Parent hack #1: Store bibs in the kitchen (or a dining room, if that’s where you eat).
In London all we had was one large room that served as kitchen + dining area + home office + living room, plus a separate small bedroom. In our new house we actually have multiple rooms. This is a novel experience, and one I will have to get used to. (We intend to fight it, though: the wall between the kitchen and the living room will come down soon.) This means that we suddenly need to think about what room we put things in.
We used to store bibs in a dresser with all the rest of Ingrid’s clothes. But the dresser is in the bedroom, which is at the other end of the house from the kitchen. So before every meal one of us would walk all the way to the other end of the house to get a bib for Ingrid. Until finally a light went on, and I moved the bibs from the dresser to the top kitchen drawer, next to the cutlery.
Parent hack #2: Use empty cereal boxes as drawing paper.

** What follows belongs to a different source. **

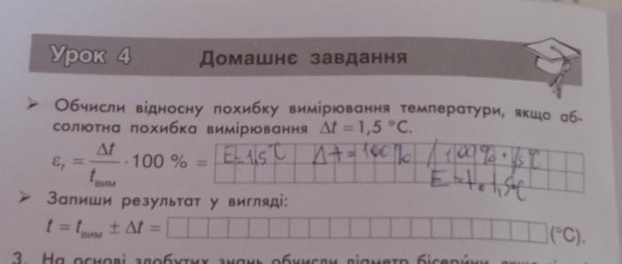 Урок 4 Домашне завдання > Обчисли відносну похибку вимірювання температури, якщо об- солютна похибка вимірювання ∆t=1,5 °С. At - 100 % - ELAST и+ + 100 % 100% Et ils C - Extelist ВИМ результат у вигляді: & - Т > Запиши t = tow t At ВИМ вс 65 (°C).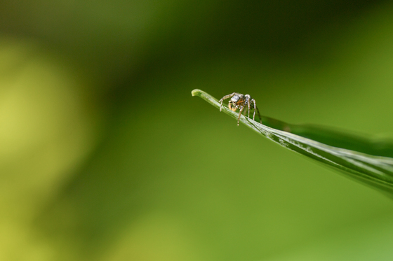 This jumping spider seems to be considering its next move as it peers over a leaf which was a considerable height above the next level of plants below.

Ingrid likes drawing. Actually mostly she likes to watch me draw, and occasionally she does some brief but energetic scribbling. We used an ordinary A4 pad of paper to begin with. But her scribbles often ended up outside the paper, or the paper got wrinkled by her vigorous actions, so I figured we needed something bigger. The only large piece of paper I could find was an empty box of HavreFras, that I split open and flattened. It keeps its shape a lot better than plain paper – not only during drawing but also when I fold it up and tuck it away between our drawing sessions. Now I keep all our cereal boxes, and sometimes find myself thinking that I should finish that cereal so I get a new box to draw on.

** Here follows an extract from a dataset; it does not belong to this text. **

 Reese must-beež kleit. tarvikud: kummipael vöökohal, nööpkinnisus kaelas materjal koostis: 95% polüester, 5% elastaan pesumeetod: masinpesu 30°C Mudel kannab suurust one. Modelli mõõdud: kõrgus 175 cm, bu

Parent hack #2b: Draw on a carpet.
Despite the larger surface, Ingrid’s scribbles still often veered dangerously close to the edge, and I had to scrub crayon marks from the floor. Then a few weeks after we’d moved we finally unpacked and unrolled the carpet, which covers most of the free floor area in the living room. Naturally we ended up sitting on the carpet and drawing on our cardboard box (something you couldn’t do with a plain sheet of paper). And I realised – crayons don’t leave any marks on a dark carpet! You’d have to really work hard to make a mark of any sort with a crayon on a soft carpet. As an added bonus, dropped crayons don’t roll as far on a carpet as they do on a bare floor.